The Perfect Neighbor Analysis: Unpacking a Notorious Shooting Via the Lens of a State Officer's Body-Cam
The real-life crime genre has a new medium, or perhaps even a completely fresh vocabulary and grammar: police body cam footage. Faces of victims, observers and potential offenders loom up to the cameras, sometimes in the harsh glare of headlights or flashlights as the officers approach, their faces and voices expressing caution or fear or anger or dubiously feigned naivety. And we often incidentally glimpse the faces of the officers themselves, one waiting impassively while the other asks the questions with what occasionally seems like extraordinary diffidence – though perhaps this is because they know they are being recorded.
A Growing Trend in Documentary Filmmaking
We have previously seen the streaming service real-life crime film The Gabby Petito Case, about the killing of an Instagram influencer by her boyfriend, whose main point of interest was officer recordings and in which, as in this film, the police seemed extraordinarily lax with the perpetrator. There is also the acclaimed short film Incident by Bill Morrison, made exclusively of body cam film. Now comes a new film by Geeta Gandbhir about the grim case of Ajike Owens in Ocala, Florida, a woman of colour whose children allegedly harassed and tormented her neighbor, Susan Lorincz. In 2023, after an increasing number of neighbour-dispute incidents in which the authorities were summoned multiple times, Lorincz fatally shot Owens through her locked door, when the victim went to Lorincz’s house to confront her about hurling items at her children.

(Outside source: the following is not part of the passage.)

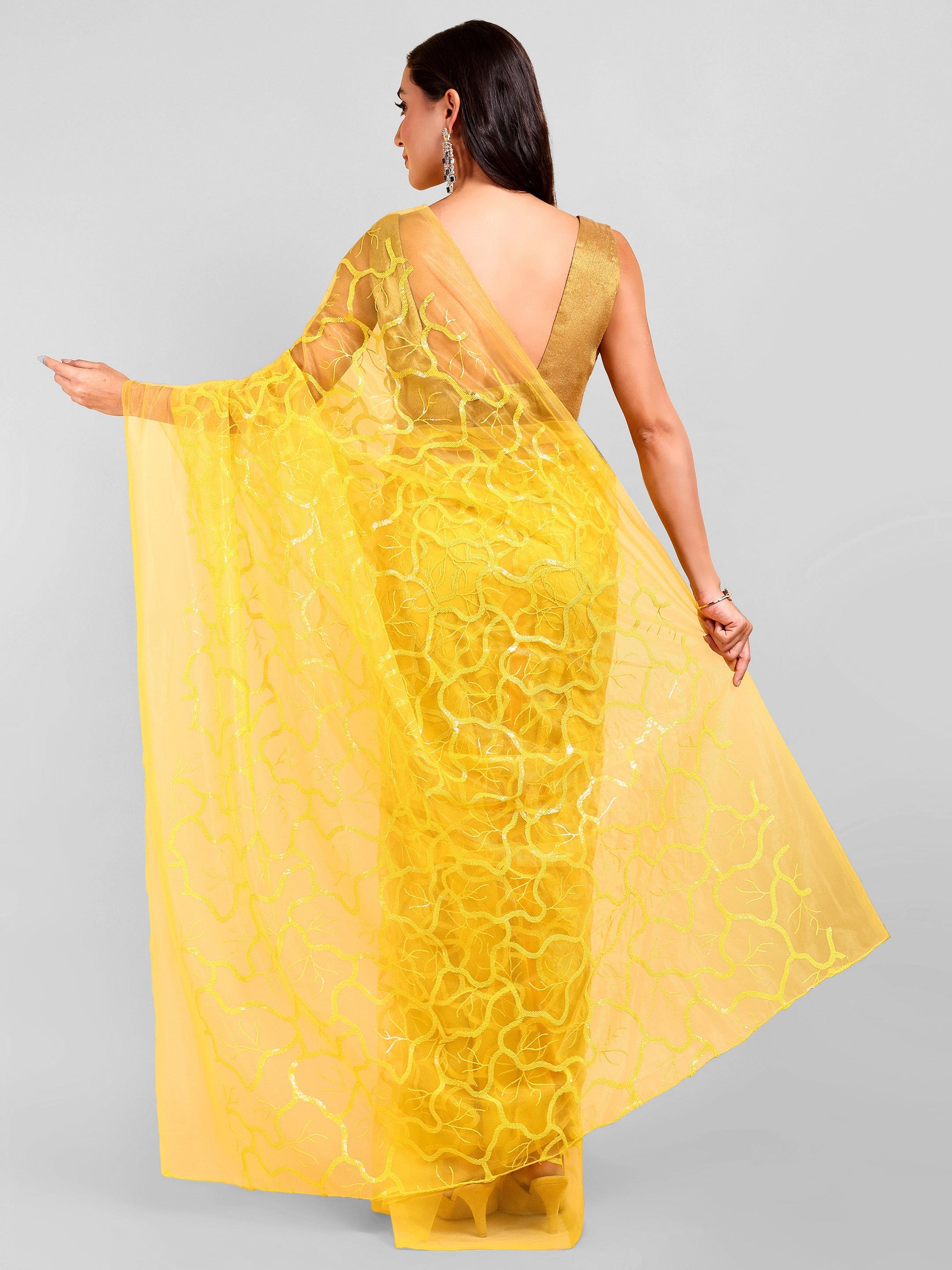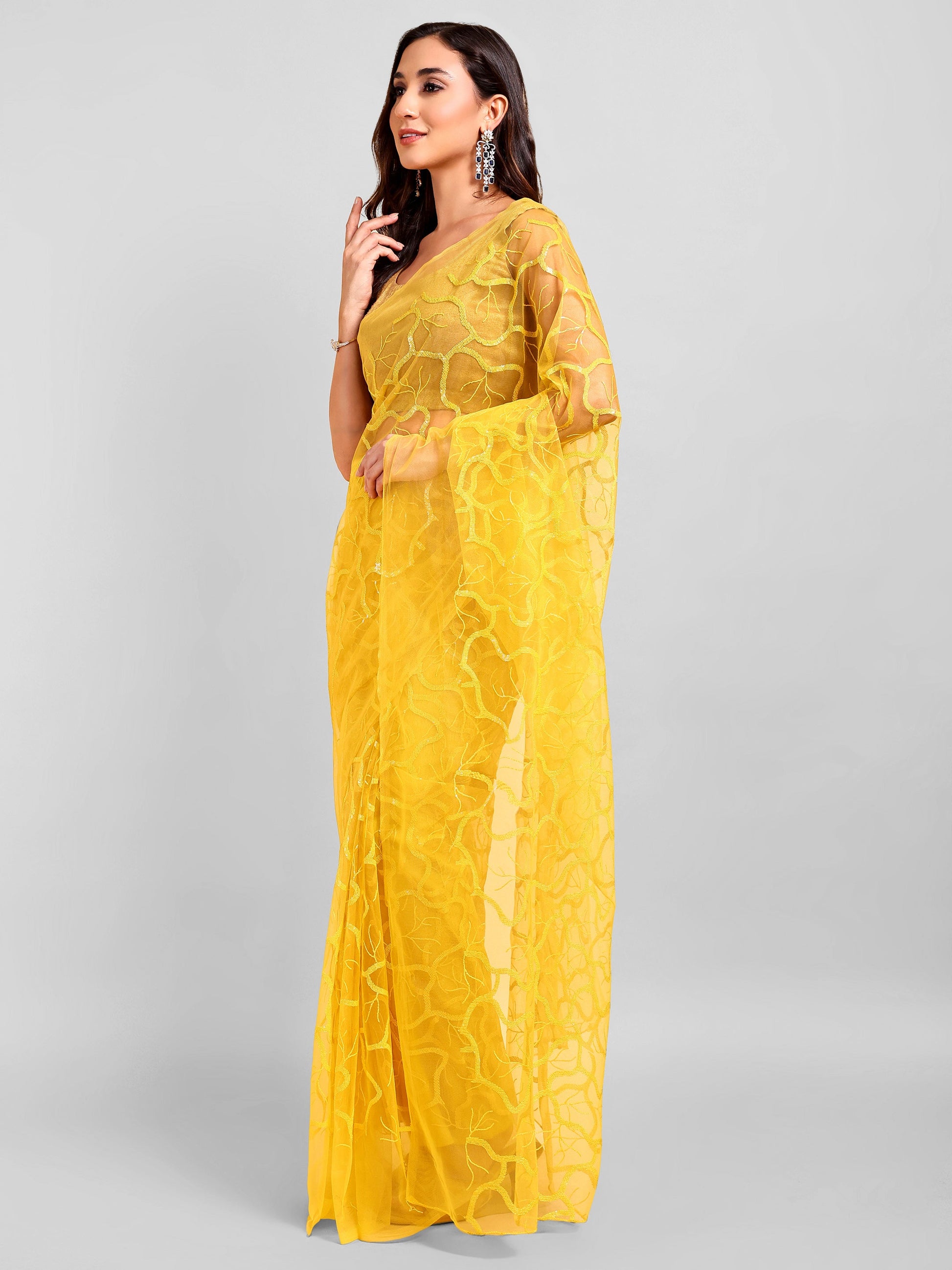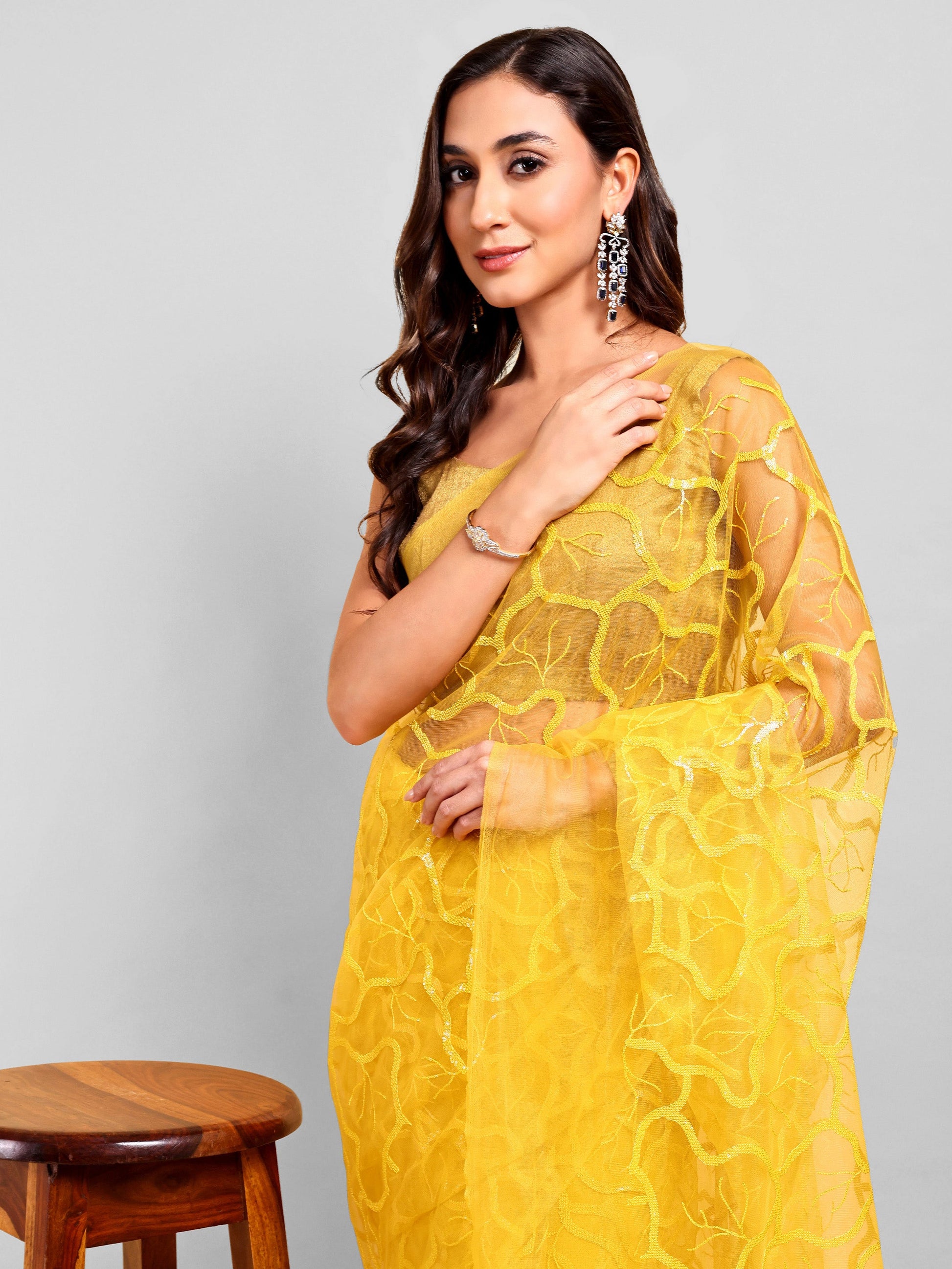 Fabric 1/ Saree : Yellow Thread With Sequins Abstract Embroidery Work On Yellow Soft Net Fabric

The Investigation and State Laws
The investigating authorities found evidence that the suspect had done internet searches into Florida’s “stand your ground” laws, which allow residents and others to shoot if there is a significant presumption of danger. The movie constructs its narrative with the body cam footage generated during the repeated police visits to the scene before the shooting, and then at the disturbing and disordered incident site itself – prefaced by emergency call recordings of Lorincz contacting authorities in a dramatically trembling voice. There is also jail video of the individual which has a chilly, queasy fascination.
Depiction of the Suspect
The film does not really suggest anything too complex about the neighbor, or any mitigating factors. She is clearly unstable, although the kids are heard calling her a derogatory term, an ugly jibe. The production is showcased as an illustration of how self-defense regulations generate unnecessary and heartbreaking bloodshed. But the fact of gun ownership and the constitutional right (that historic American constitutional privilege that a deceased pundit famously claimed made firearm fatalities a necessary cost) is not much emphasized.
Police Interrogation and Gun Culture
It is possible to watch the officer questioning segments here and feel astonished at how little interest the officers took in this aspect. When did she buy her gun? Where (if anywhere) did she train in its use? Had she ever had occasion to fire it before? Where did she store it in the house? Could it have been easily accessible and prepared? The police aren’t shown asking any of these undoubtedly important questions (though they may have done in footage that were not included). Or is possessing a firearm so commonplace it would be like asking about microwaves or bread heaters?
Arrest and Aftermath
For what seemed to her neighbors a extended period, the suspect was not even taken into custody and indicted, only detained and even offered a hotel stay away from home for the night (another point of comparison, incidentally, with the a prior incident). And when she was finally officially taken into custody in the holding cell, there is an remarkable scene in which the individual simply refuses to stand, will not extend her arms for the handcuffs, not hostilely, but with the courteously pathetic demeanor of someone whose mental health means that she is unable to comply. Did the gentle handling up until that point led her to think that this might actually work?
Conclusion and Verdict
It didn’t; and the panel's decision is saved for the end titles. A deeply sobering portrayal of U.S. justice and consequences.